───── Records provided

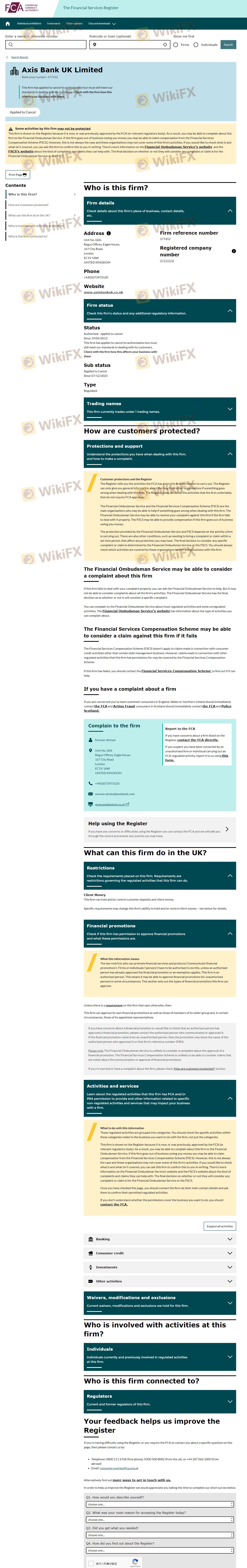Mengenai legitimasi broker forex AXIS BANK, ia menyediakan Kerajaan Inggris FCA, dan (Kami juga melakukan investigasi lapangan terkait aspek keamanan.).
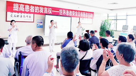 护理部制定并下发《2023年世界患者安全日主题活动方案》,设计主题海报在各病区和楼宇公共区域展示,在全院各LED屏播放“提高患者的发言权——世界患者安全日省医在行动”活动口号,营造全员共促患者安全的浓郁氛围。各病区高度重视、积极落实,结合专科特色开展形式多样的主题活动。一是充分利用护理园地和宣传栏加强宣传、组织患教会,提高患者及其照护者积极参与健康促进的意识。二是通过科普讲堂、情景模拟等形式,充分赋能、提升患者及其照护者保障自身安全的能力。三是积极制作科普视频,通过长安护理公众号推送,推广医生、护士、患者、照护者等各相关方共同参与医疗护理计划制定和落实的理念。
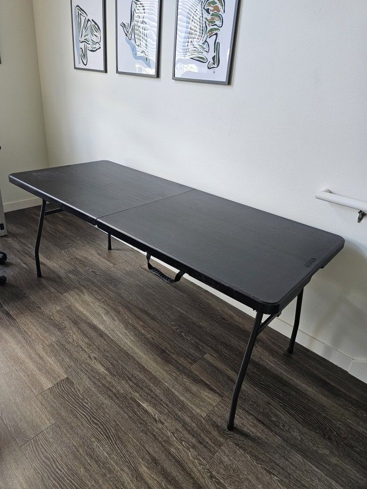 Black plastic folding table from Amazon Basics. Has a carrying handle for easy transport. 6 ft long For pickup in Bothell only. First come, first served.
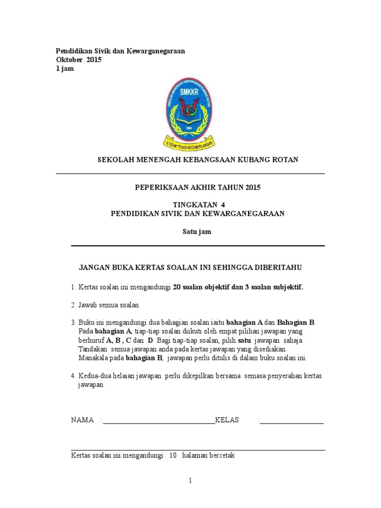 Bank Soalan Ujian Akhir Tahun Tingkatan 4 Sumber Pendidikan from sumberpendidikan.com Sukatan pelajaran psk tingkatan 4. Rancangan tahunan psk tingkatan 5. Saling bergantung antara organisma hidup. Nota pendidikan sivik dan kewarganegaraan tingkata. Blog ini dihasilkan oleh pelajar dari sm sains batu pahat. Share to twitter share to facebook share to pinterest. .2015 pendidikan sivik & kewarganegaraan tingkatan 4 empat puluh lima minit. Di bawah adalah jadual terkini tarikh baharu pksk yang diumumkan oleh kementerian pendidikan malaysia.
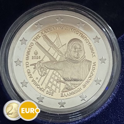 Cette pièce de 2 euros commémorative rend hommage au 200e anniversaire de la mort de Laskarina Bouboulina, héroïne grecque de la guerre d’indépendance. En tant qu’amirale et stratège courageuse, elle a joué un rôle clé dans la lutte contre l’Empire ottoman.
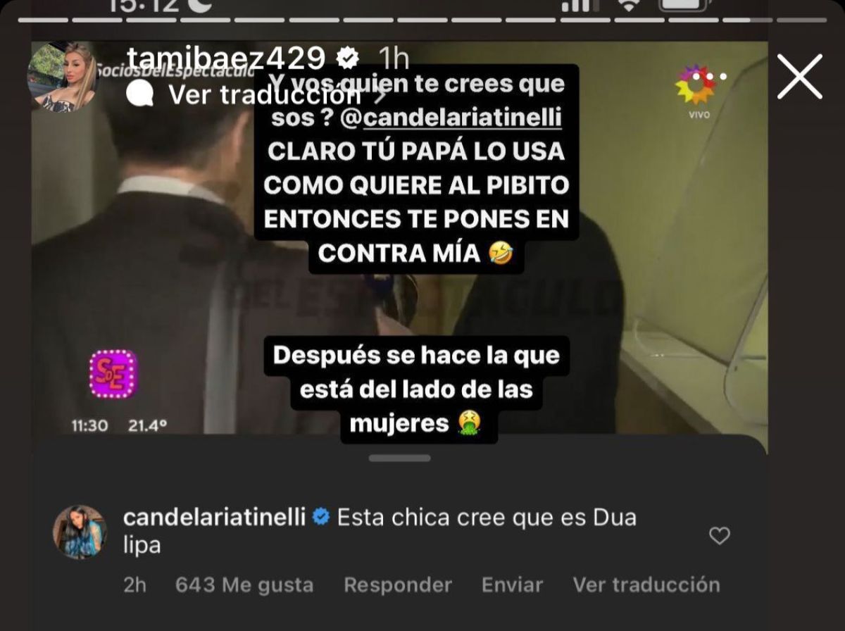 Luego de que Candelaria Tinelli hiciera un polémico comentario hacía Tamara Báez, la misma no se quedó callada y salió al cruce a través de sus historias de Instagram.
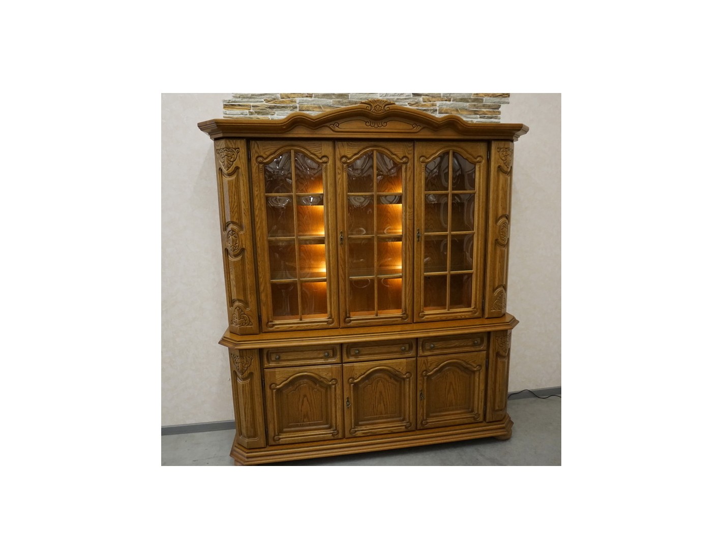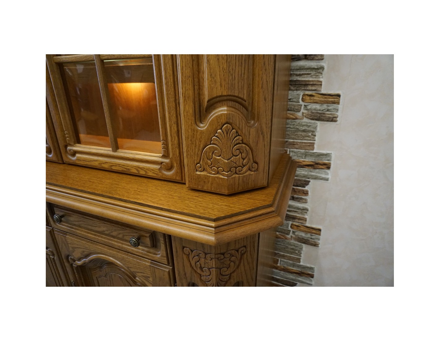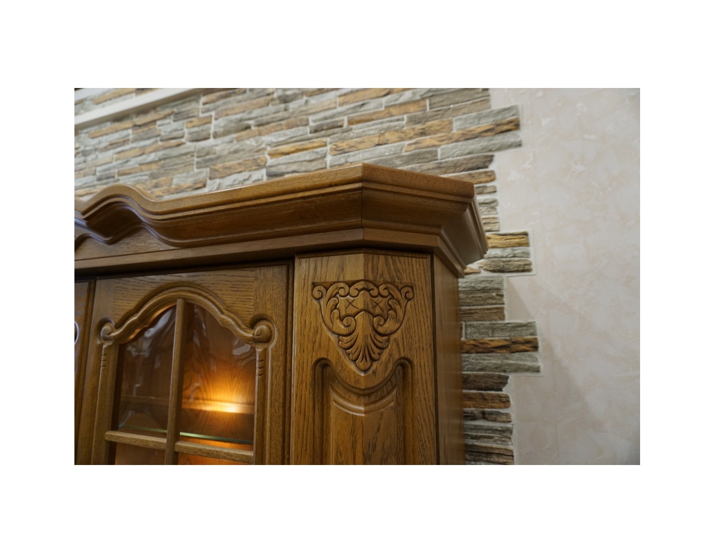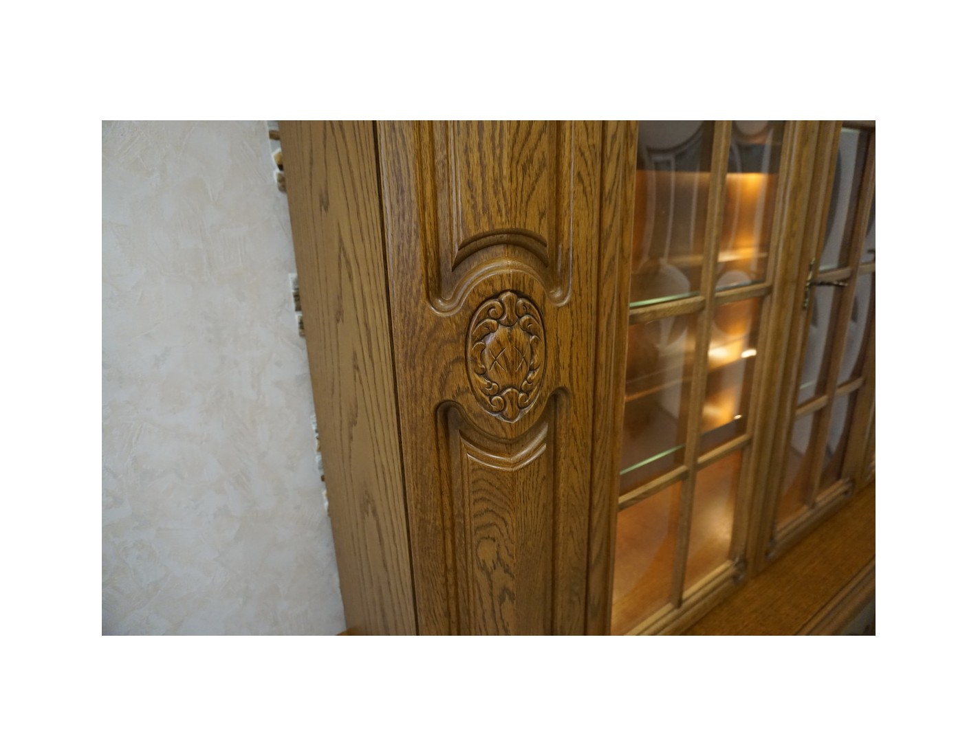 Elegancka witryna z komodą wykonana z dębu, łącząca funkcjonalność i ponadczasowy styl. Podświetlane wnętrze podkreśla ekspozycję przedmiotów w górnej części, a pojemna komoda zapewnia miejsce na przechowywanie akcesoriów i dokumentów.
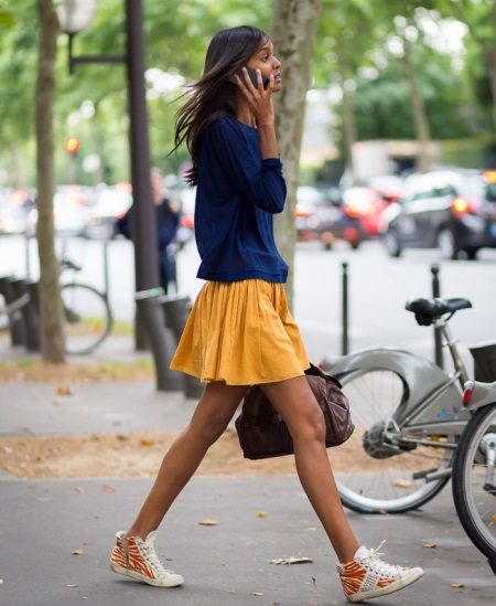 As for skirts, flared or straight models made of dense material, sports skirts and even floor skirts with a high slit can be worn with such sneakers.
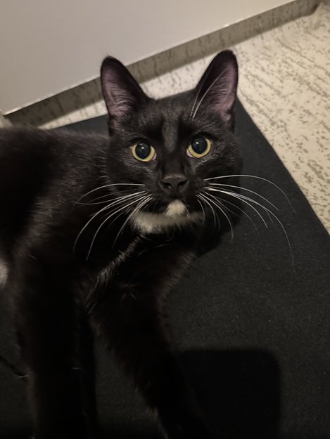 Kontaktsøkende ung hannkatt, ikke chip eller kastrert. Veldig sulten og tørst.

──────────

Task brief: All of the entries above are to be written out exactly, with no pictures.

Solution to the exercise:
Mengenai legitimasi broker forex AXIS BANK, ia menyediakan Kerajaan Inggris FCA, dan (Kami juga melakukan investigasi lapangan terkait aspek keamanan.).
 护理部制定并下发《2023年世界患者安全日主题活动方案》,设计主题海报在各病区和楼宇公共区域展示,在全院各LED屏播放“提高患者的发言权——世界患者安全日省医在行动”活动口号,营造全员共促患者安全的浓郁氛围。各病区高度重视、积极落实,结合专科特色开展形式多样的主题活动。一是充分利用护理园地和宣传栏加强宣传、组织患教会,提高患者及其照护者积极参与健康促进的意识。二是通过科普讲堂、情景模拟等形式,充分赋能、提升患者及其照护者保障自身安全的能力。三是积极制作科普视频,通过长安护理公众号推送,推广医生、护士、患者、照护者等各相关方共同参与医疗护理计划制定和落实的理念。
 Black plastic folding table from Amazon Basics. Has a carrying handle for easy transport. 6 ft long For pickup in Bothell only. First come, first served.
 Bank Soalan Ujian Akhir Tahun Tingkatan 4 Sumber Pendidikan from sumberpendidikan.com Sukatan pelajaran psk tingkatan 4. Rancangan tahunan psk tingkatan 5. Saling bergantung antara organisma hidup. Nota pendidikan sivik dan kewarganegaraan tingkata. Blog ini dihasilkan oleh pelajar dari sm sains batu pahat. Share to twitter share to facebook share to pinterest. .2015 pendidikan sivik & kewarganegaraan tingkatan 4 empat puluh lima minit. Di bawah adalah jadual terkini tarikh baharu pksk yang diumumkan oleh kementerian pendidikan malaysia.
 Cette pièce de 2 euros commémorative rend hommage au 200e anniversaire de la mort de Laskarina Bouboulina, héroïne grecque de la guerre d’indépendance. En tant qu’amirale et stratège courageuse, elle a joué un rôle clé dans la lutte contre l’Empire ottoman.
 Luego de que Candelaria Tinelli hiciera un polémico comentario hacía Tamara Báez, la misma no se quedó callada y salió al cruce a través de sus historias de Instagram.
 Elegancka witryna z komodą wykonana z dębu, łącząca funkcjonalność i ponadczasowy styl. Podświetlane wnętrze podkreśla ekspozycję przedmiotów w górnej części, a pojemna komoda zapewnia miejsce na przechowywanie akcesoriów i dokumentów.
 As for skirts, flared or straight models made of dense material, sports skirts and even floor skirts with a high slit can be worn with such sneakers.
 Kontaktsøkende ung hannkatt, ikke chip eller kastrert. Veldig sulten og tørst.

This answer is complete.